Present students with a claim, evidence that supports that claim, and reasoning/ analysis that explains how the claim and evidence are connected. Do not present the above in that order--scramble it on the slide. Ask students to determine which is the claim, which is the evidence and which is the analysis/ reasoning. Students should be prepared to explain their choices. [See slide for sample claim, evidence and analysis.]


Present definitions for claim, evidence, and reasoning [included in slide deck]. Present students with the claim "FRT can be abused by people in positions of power" and break down what makes this a claim rather than evidence or reasoning.

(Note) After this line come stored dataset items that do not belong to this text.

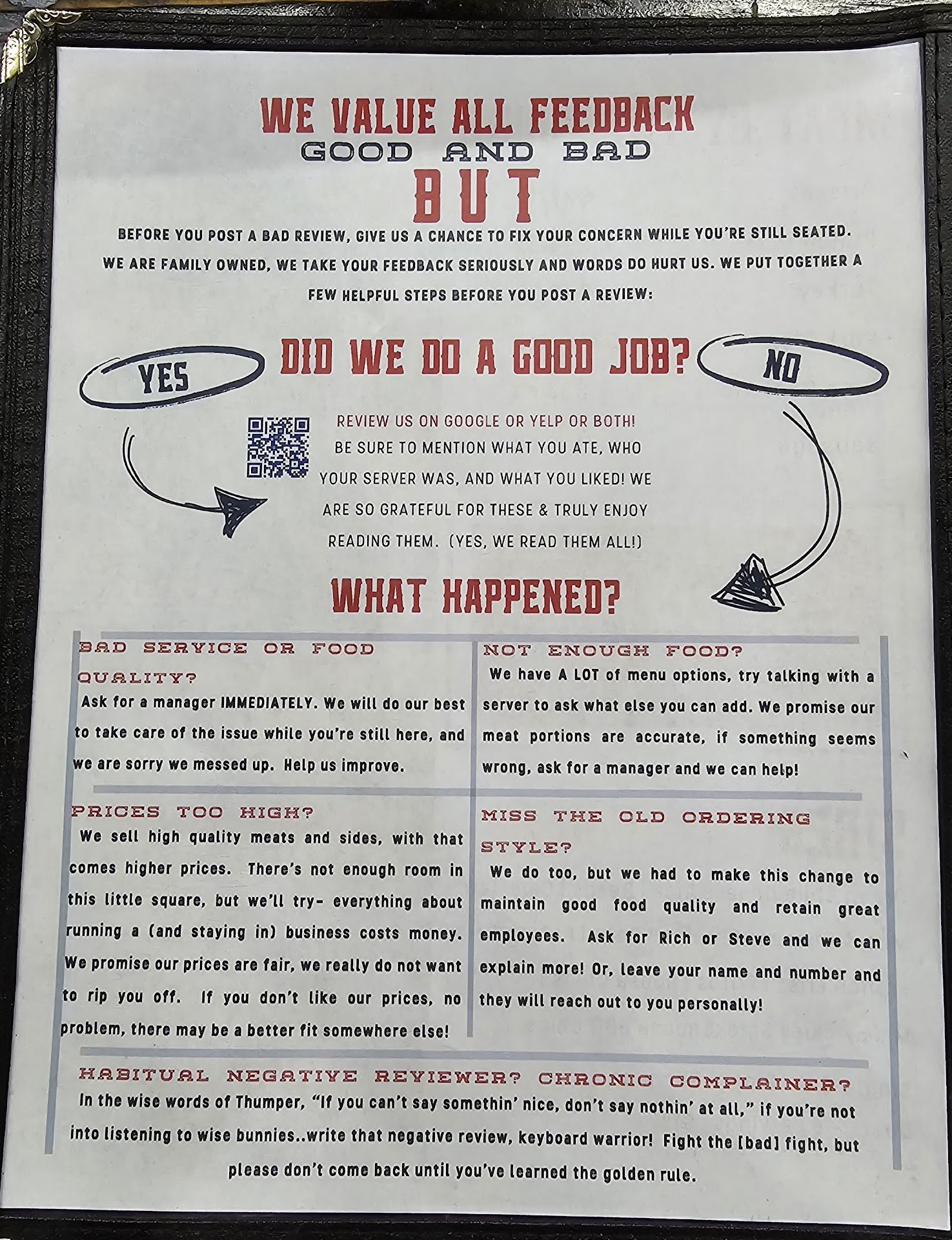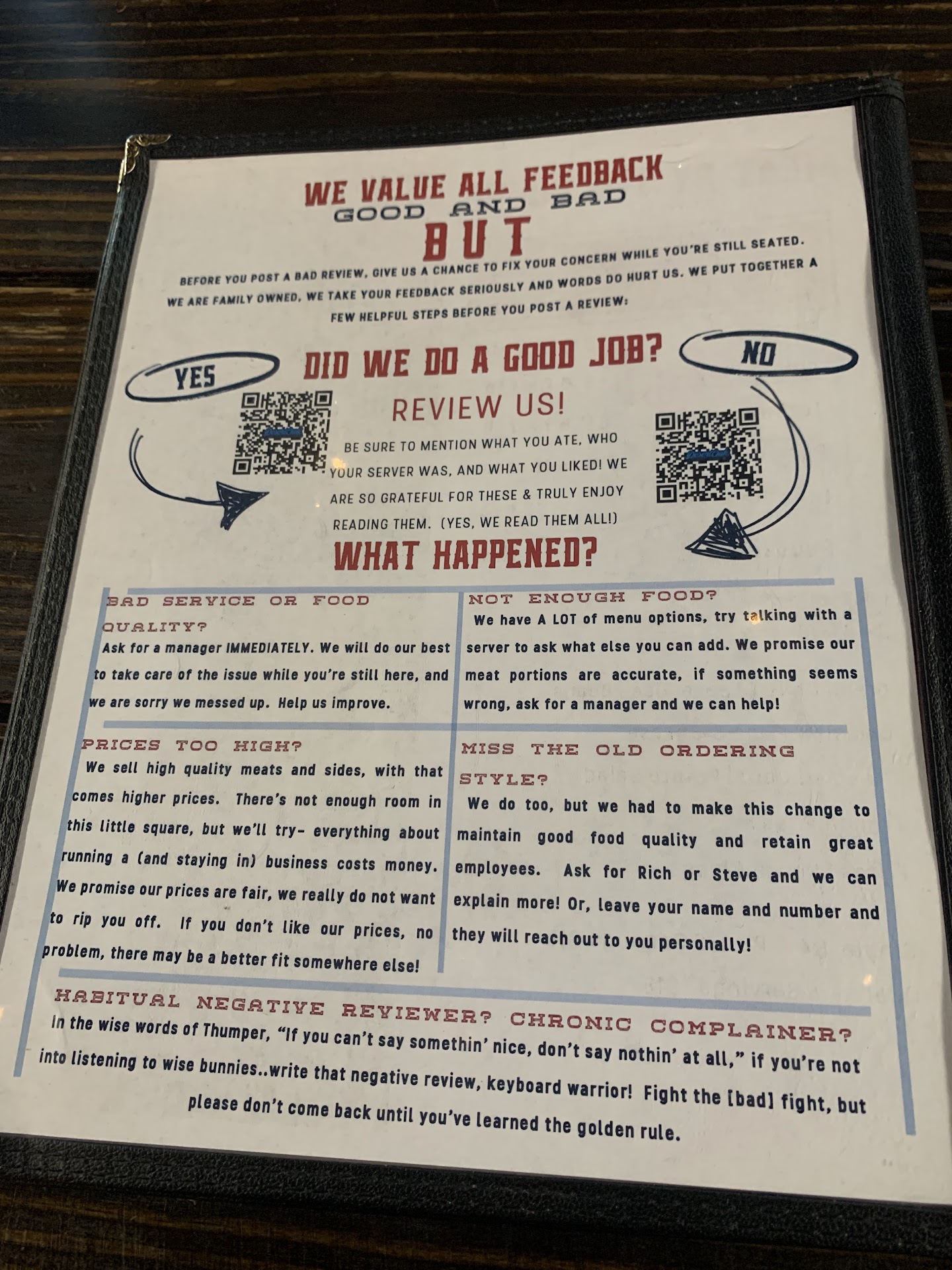Read moreWe went to Desert Oak BBQ, upon a high recommendation from a regular customer. Yesterday was the perfect day for it, it wasn't very busy at Desert Oak BBQ. Sorry this may be a bit long. Sofia was our server, very courteous and professional. Being our first time was difficult to order what great food this restaurant offered. My wife ordered the turkey and sausage with potato salad and beans, I wasn't sure what to order. So I order the Dino rib meal. Upon getting our food, my wife was happy with her Turkey and sausage. She thought the beans would be like baked or BBQ beans, it wasn't, maybe we should've asked. The Dino meat was not quite what was expected, it was very big, came with a bone, must have weighed at least 1.5 to 2 lbsđČ. At first looked very delicious đ, but once I started to eat it, noticed it to be oversaturated with fat, which could be expected. But it had a lot of liquid fat as well. So I brought this up to our server Sofia and said she would.let her manager know. The manager came by, mentioned to her of the Dino meat. She apologized for the meat being greasy, and mentioned the Dino had fat on it. It was mentioned to her, it was way too much, even with a beef rib. She offered 1/4 brisket and mentioned that was not enough for what the meat weighed. She offered 1/2 a pound, I declined and said to not worry about it. I'll leave it as it is, was not asking for the meat item to be removed from the bill. It could have been handled better. She did offer 20% discount. I wasn't quite content with the meat, though the sides were great which were Coleslaw Green Chile rice. That was great. With this, I'm just one customer and sure that many come here to enjoy good BBQ. Sadly, wil not be returning. "Sofia if you read this, thank you for.your Profesional courtesy and service." Finally, to the upper management I saw the scan for both good and bad reviews, didn't have the QC code. Though, I did follow chain of.command, the end result did not end well. Been to.many BBQ, this did.notwell. well. Hope it gets better. Thank you...
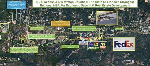 West Walton Commerce Park offers a 5,000 sf warehouse building available for lease, within a mile west of the I-10 & Hwy 285 Interchange, next to the existing FedEx Distribution Center and the future Amazon Distribution Center. And, just 5 miles to the west of the subject property is the Shoal River Ranch Industrial Park, the State of Florida's largest Industrial Park, as announced by Gov. DeSantis, the State of Florida's Land Planner, and Okaloosa County's EDC.
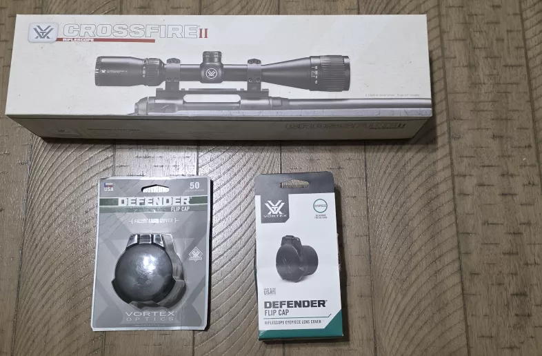 Vortex Crossfire II 6-18x44 AO DEAD HOLD BDC (MOA). Also included Vortex Defender lens covers.
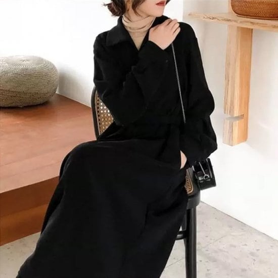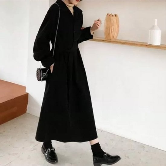 ワンピース シャツワンピース レディース ミモレ丈 Vネック 長袖 ワンピ 無地 Aライン 大人可愛い フォーマル きれいめ 上品 お出かけ デート 女子会 通勤 通学 ハイウエスト

Present evidence from the article students will read in this lesson [see slide deck] and break down or elicit from students why this is evidence. Finally, elicit from students how they can explain the connection between the evidence and the claim. [Sample reasoning/ analysis is included in slide deck.] Model this on the Evidence Tracker graphic organizer.

Present the purpose for reading the article/ excerpts (assign different versions of the text according to students' specific needs) to students. Purpose for reading: Identify evidence that supports the claim: "FRT can be abused by people in positions of power." For on grade-level and advanced readers, see Nota Bene.


Students closely read article in search of evidence that supports the given claim (differentiate text selection and purposes for reading according to your students needs). Students reason, in their own words, why/ how a particular piece of identified evidence supports the given claim.

Circulate and make observations as students work (or make observations in the small group you are facilitating) to identify one or two examples for the wrap up.

Wrap Up

Highlight the work of one or two students to reinforce the distinction between claim, evidence and reasoning. If you are not able to find a good example, use the example in the slide deck and prepare to reteach this concept tomorrow. Some students will need a lot of practice with this and that is OKAY.